Depuis que tu es en France, tu as acquis ton statut bien mérité de réfugié politique et créée l’antenne locale du Conseil des Ex-Musulmans. Puis tu as écrit ton livre : un témoignage exceptionnel dont tu prends soin également de pas le laisser instrumentaliser par les extrémistes évidemment en embuscade, se délectant d’un discours qu’ils souhaiteraient voir s’orienter vers le rejet de l’autre. Peine perdue. C’est mal te connaître. Tu le dis toi-même, les musulmans sont tes frères en humanité et tu souhaites un avenir meilleur aux enfants de ton pays natal. Ce sont les théocrates que tu combats. Les imams « ultras ». Et leurs lieutenants véhiculant un texte monolithique, texte que tu aimerais voir reformer.
Tu dis qu’il est « dangereux de continuer à caresser le monstre dans le sens du poil pour éviter de le provoquer », qu’il faut « retrouver les textes violents qui répandent cet extrémisme, en débattre et engager une vaste et profonde réforme de l’Islam » et qu’à défaut de les interdire, « il est indispensable de les étudier et de prouver qu’ils permettent plusieurs interprétations. »
Tu appelles à l’unité les Musulmans contre l’extrémisme et à la défense de la liberté. Tu trouves cynique que Mahmoud Abbas, Ahmet Davutoglu et l’ambassadeur saoudien aient pu défiler pour la liberté d’expression le 11 janvier dernier, cyniques aussi les condamnations des attentats par Damas ou Téhéran car tu as en tête les noms de Raif Badawi, un blogueur récemment condamné à 1000 coups de fouet pour « irrespect envers l’Islam, et celui de Salman Rushdie. Mais tu rappelles aussi, et tu as raison, que la France aura mis plus d’un siècle à instaurer le principe de laïcité, « après d’âpres débats idéologiques nécessaires pour emporter l’adhésion de tous » .
Le mot « islamophobie » est désormais sur toutes les lèvres. Tu critiques à raison l’échec sémantique dans lequel nous sommes vertigineusement plongés, tant ce dernier mot est porteur d’autres enjeux que la lutte sincère contre le racisme anti-musulman (les laïcs ayant de toutes les façons très peu voix au chapitre et ce depuis trop longtemps, assignés par d’autres qu’eux-mêmes à une case et une identité définie à leur place).

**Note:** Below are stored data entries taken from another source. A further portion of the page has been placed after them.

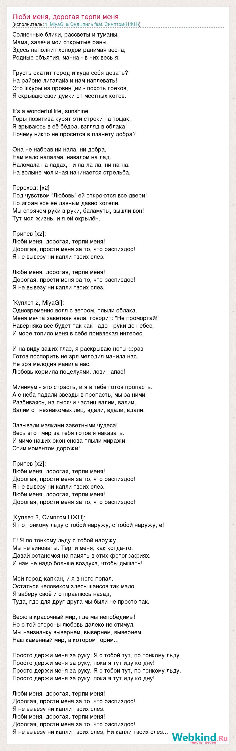 Солнечные блики, рассветы и туманы. Мама, залечи мои открытые раны. Здесь наполнит холодом ранимая весна, Родные объятия, манна - в них весь я! Грусть окатит город и куда себя девать? На районе лигалайз и нам наплевать! Это шкуры из провинции - похоть грехов, Я скрываю свои думки от местных котов. It’s a wonderful life, sunshine. Горы позитива курят эти строки на тощак. Я врываюсь в её бёдра, взгляд в облака! Почему никто не просится в планету добра? Она не набрав ни нала, ни добра, Нам мало напалма, навалом на лад. Наломала на ладах, ни ла-ла-ла, ни на-на. На волыне мол иная начинается стрельба. Переход: [х2] Под чувством "Любовь" ей откроются все двери! По играм все ее давным давно хотели. Мы спрячем руки в руки, баламуты, вышли вон! Тут моя жизнь, и я ей окрылён. Припев [х2]: Люби меня, дорогая, терпи меня! Дорогая, прости меня за то, что распиздос! Я не вывезу ни капли твоих слез. Люби меня, дорогая, терпи меня! Дорогая, прости меня за то, что распиздос! Я не вывезу ни капли твоих слез. [Куплет 2, MiyaGi]: Одновременно воля с ветром, плыли облака. Меня мечта заветная вела, говорит: "Не проморгай!" Наверняка все будет так как надо - руки до небес, И море топило меня в себе привлекая интерес. И на виду ваших глаз, я раскрываю ноты фраз Готов поспорить не зря мелодия манила нас. Не зря мелодия манила нас. Любовь кормила поцелуями, лови напас! Минимум - это страсть, и я в тебе готов пропасть. А с неба падали звезды в пропасть, мы за ними Разбиваясь, на тысячи частиц валим, валим, Валим от незнакомых лиц, вдали, вдали, вдали. Зазывали маяками заветными чудеса! Весь этот мир за тебя готов я наказать. И мимо наших окон снова плыли миражи - Этим моментом дорожи! Припев [х2]: Люби меня, дорогая, терпи меня! Дорогая, прости меня за то, что распиздос! Я не вывезу ни капли твоих слез. Люби меня, дорогая, терпи меня! Дорогая, прости меня за то, что распиздос! [Куплет 3, Симптом НЖН]: Я по тонкому льду с тобой наружу, с тобой наружу, е! Е! Я по тонкому льду с тобой наружу, Мы не виноваты. Терпи меня, как когда-то. Давай останемся на память в этих фотографиях. И нам не надо больше воздуха, чтобы дышать! Мой город-капкан, и я в него попал. Остаться человеком здесь шансов так мало. Я заберу своё и отправлюсь назад, Туда, где для друг друга мы были не просто так. Верю в красочный мир, где мы непобедимы! Но с той стороны любовь далеко не стимул. Мы наизнанку вывернем, вывернем, вывернем Наш каменный мир, в котором горим... Просто держи меня за руку. Я с тобой тут, по тонкому льду. Просто держи меня за руку, пока я тут иду ко дну! Просто держи меня за руку. Я с тобой тут, по тонкому льду. Просто держи меня за руку, пока я тут иду ко дну! Люби меня, дорогая, терпи меня! Дорогая, прости меня за то, что распиздос! Я не вывезу ни капли твоих слез. Люби меня, дорогая, терпи меня! Дорогая, прости меня за то, что распиздос! Я не вывезу ни капли твоих слез; Ни капли твоих слез...
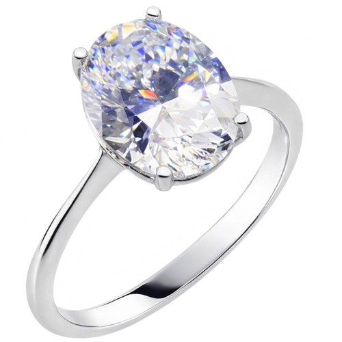 Μονόπετρο με οβάλ ζιργκόν από λευκό χρυσό Κ14
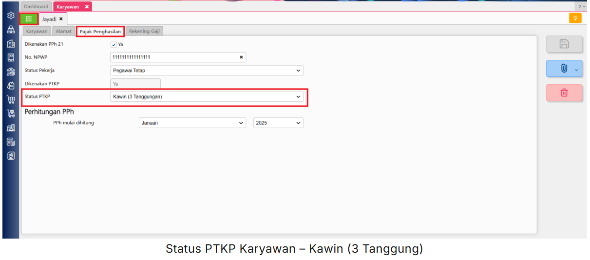 - kemudian, cek untuk status PTKP pada karyawan dengan cara ke menu perusahaan | karyawan | daftar karyawan, dan lakukan pencarian atas data karyawan yang dimaksud, lalu ke tab Pajak Penghasilan. Pada ilustrasi untuk Status PTKP karyawan adalah K3 (Kawin (3 Tanggunga)).

Tu dis enfin que si les Palestiniens revendiquent la terre de leurs ancêtres, beaucoup d’Israéliens y sont nés et n’ont connu que l’Etat hébreu comme patrie, et que par conséquent, ils y sont chez eux également. Tu es un adepte de la paix, même si tu sais bien que ce sera long et difficile.
Encore quelques mots car tu m’évoques dans le livre mais tu n’as pas fait mention de mon nom de famille volontairement, pour « me protéger », « au cas où », ai-je appris a posteriori. C’est une des choses les plus jolies qu’il m’ait été donné d’entendre dans ma vie de militante. Il est vrai que les rues de Paris étaient devenues particulièrement inquiétantes en ce mois de juillet 2014, lors du bouclage des épreuves. Nous étions quelques-uns à alerter depuis des mois sur ces drapeaux noirs de Daesh, que nous avions vus, torves et effrayants, irrémédiablement fleurir dans certaines manifestations sur le terreau fertile de l’inaction internationale en Syrie et du massacre de Bachar el-Assad de son propre peuple. Ces drapeaux s’étaient de nouveau affichés, discrètement, à l’orée d’une gloire macabre, place de la Bastille cet été donc, menaçant, à l’occasion de rassemblements « pacifiques »…
Nous fûmes quelques-uns à les remarquer et à (re)sonner l’alerte. Tu en faisais partie.
Je n’oublierai jamais ceux qui ne nous ont pas crus lorsque nous hurlions que si, il avait bien été scandé et entendu « Mort aux Juifs ».
Des Juifs sont bien morts en définitive, exécutés, quelques mois après. De l’atonie et de l’indifférence générale, aussi. C’est pour cela que je voulais également t’écrire à quel point ton livre est important, en signant de mon nom, ici.
Aline Le Bail-Kremer
Waleed Al-Husseini, « Blasphémateur ! Les prisons d’Allah », publié chez Grasset, 238 p.